WHEREAS, the Trust is registered as an open-end management investment company
under the Investment Company Act of 1940, as amended (the "1940 Act"); and
WHEREAS, the Trust is authorized to issue shares in separate series, with each
such series representing shares in a separate portfolio of securities and other
assets;
WHEREAS, the Trust intends to initially offer shares in five (5) series, State
Street Equity 500 Index Fund, State Street Equity 2000 Index Fund, State Street
Equity 400 Index Fund, State Street MSCI(R) EAFE(R) Index Fund and State Street
Aggregate Bond Index Fund (each herein referred to as a "Fund", and collectively
as the "Funds");
WHEREAS, the parties hereto are contemporaneously entering into an
Administration Agreement, dated the date hereof (the "Administration
Agreement"), pursuant to which the Trust will delegate to the Bank certain
responsibilities;
WHEREAS, the Trust on behalf of the Funds desires to appoint the Bank as its
transfer agent, dividend disbursing agent, and agent in connection with certain
other activities, and the Bank desires to accept such appointment;
NOW, THEREFORE, in consideration of the mutual covenants herein contained, the
parties hereto agree as follows:
l.

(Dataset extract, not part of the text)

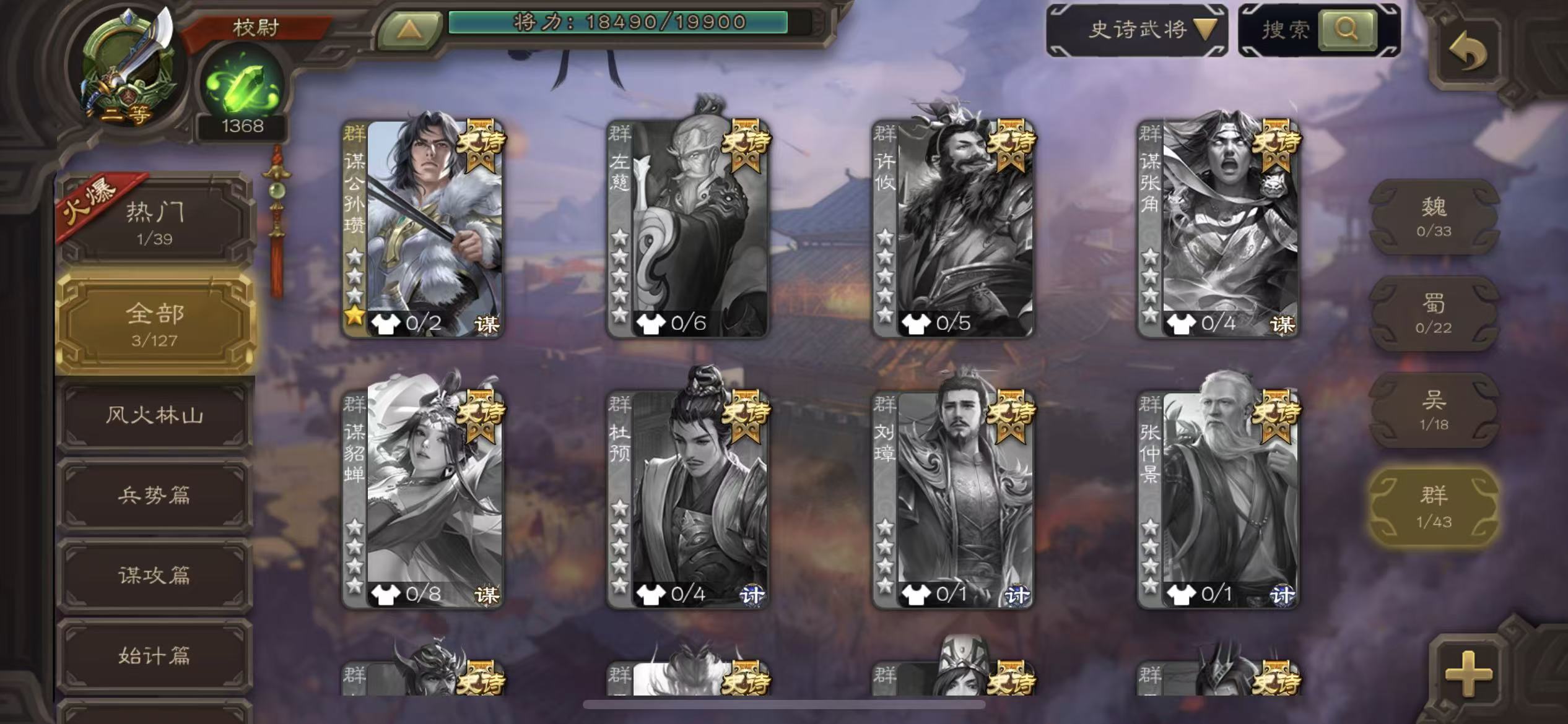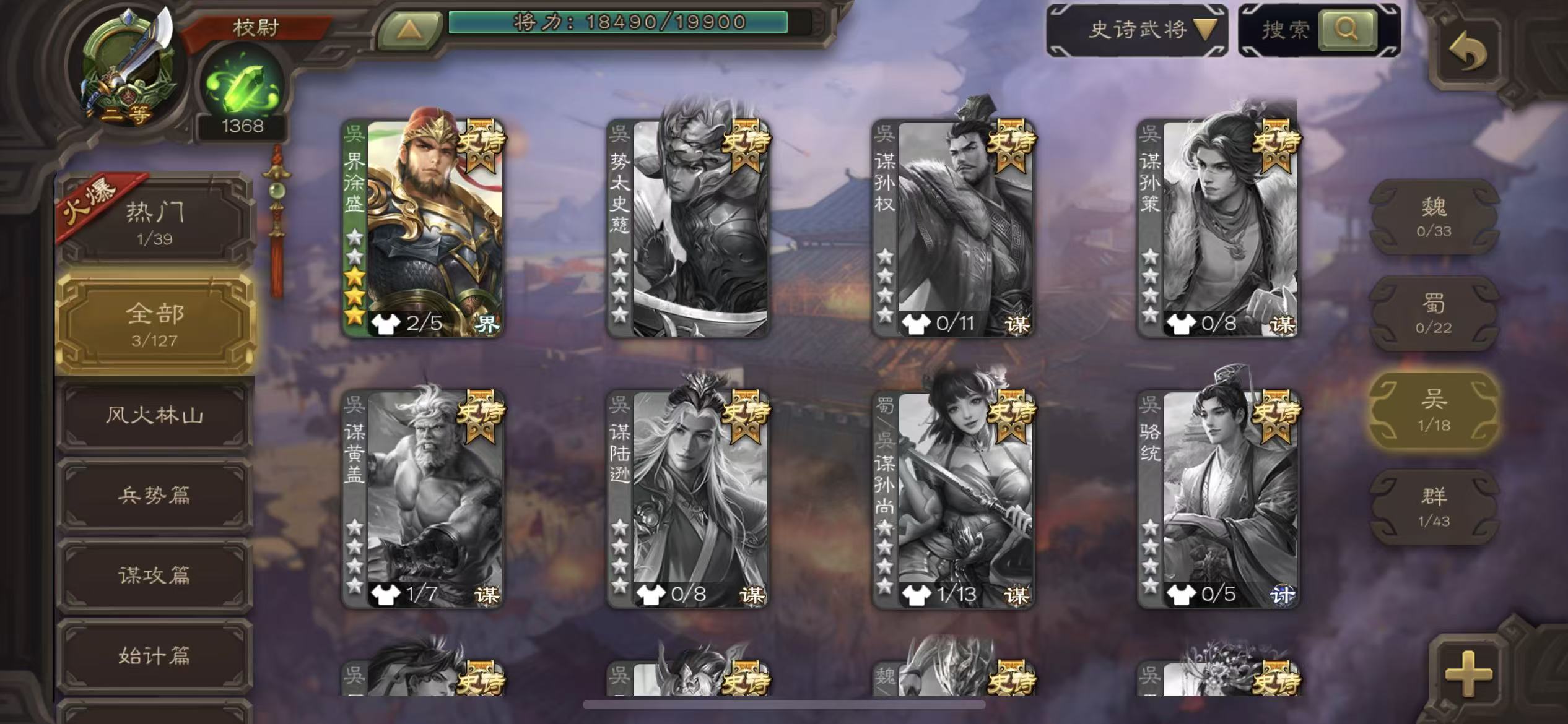 史诗武将数量:

Terms of Appointment; Duties of the Bank
1.1 Subject to the terms and conditions set forth in this Agreement, the
Trust, on behalf of the Funds, hereby employs and appoints the Bank to act
as, and the Bank agrees to act as its transfer agent for the authorized
and issued shares of beneficial interest, $ 0.001 par value of each Fund
listed on Annex A hereto ("Shares"), and as the Trust's dividend
disbursing agent.
1.2 The Bank agrees that it will perform the following services:
(a) In accordance with procedures established from time to time by
agreement between the Trust on behalf of each of the Funds, as
applicable, and the Bank, the Bank shall:
(i) Receive for acceptance, orders for the purchase of Shares,
and promptly deliver payment and appropriate documentation
thereof to the Custodian of the Trust (the "Custodian");
(ii) Pursuant to purchase orders, issue the appropriate number
of Shares and hold such Shares in the appropriate
Shareholder account;
(iii) Receive for acceptance redemption requests and redemption
directions and deliver the appropriate documentation
thereof to the Custodian;
(iv) At the appropriate time as and when it receives monies paid
to it by the Custodian with respect to any redemption, pay
over or cause to be paid over in the appropriate manner
such monies as instructed by the redeeming Shareholders;
(v) Effect transfers of Shares by the registered owners thereof
upon receipt of appropriate instructions;
(vi) Prepare and transmit payments for dividends and
distributions declared by the Trust on behalf of the
applicable Fund;
(vii) Maintain records of account for and advise the Trust and
its Shareholders as to the foregoing; and
(viii) Record the issuance of Shares of the Trust and maintain
pursuant to SEC Rule 17Ad-10(e) a record of the total
number of Shares of the Trust which are authorized, based
upon data provided to it by the Trust, and issued and
outstanding. The Bank shall also provide the Trust on a
regular basis with the total number of Shares which are
authorized and issued and outstanding and shall have no
obligation, when recording the issuance of Shares, to
monitor the issuance of such Shares or to take cognizance
of any laws relating to the issue or sale of such Shares,
which functions shall be the sole responsibility of the
Trust.
(b) In addition to and neither in lieu nor in contravention of the
services set forth in the above paragraph (a), the Bank shall: (i)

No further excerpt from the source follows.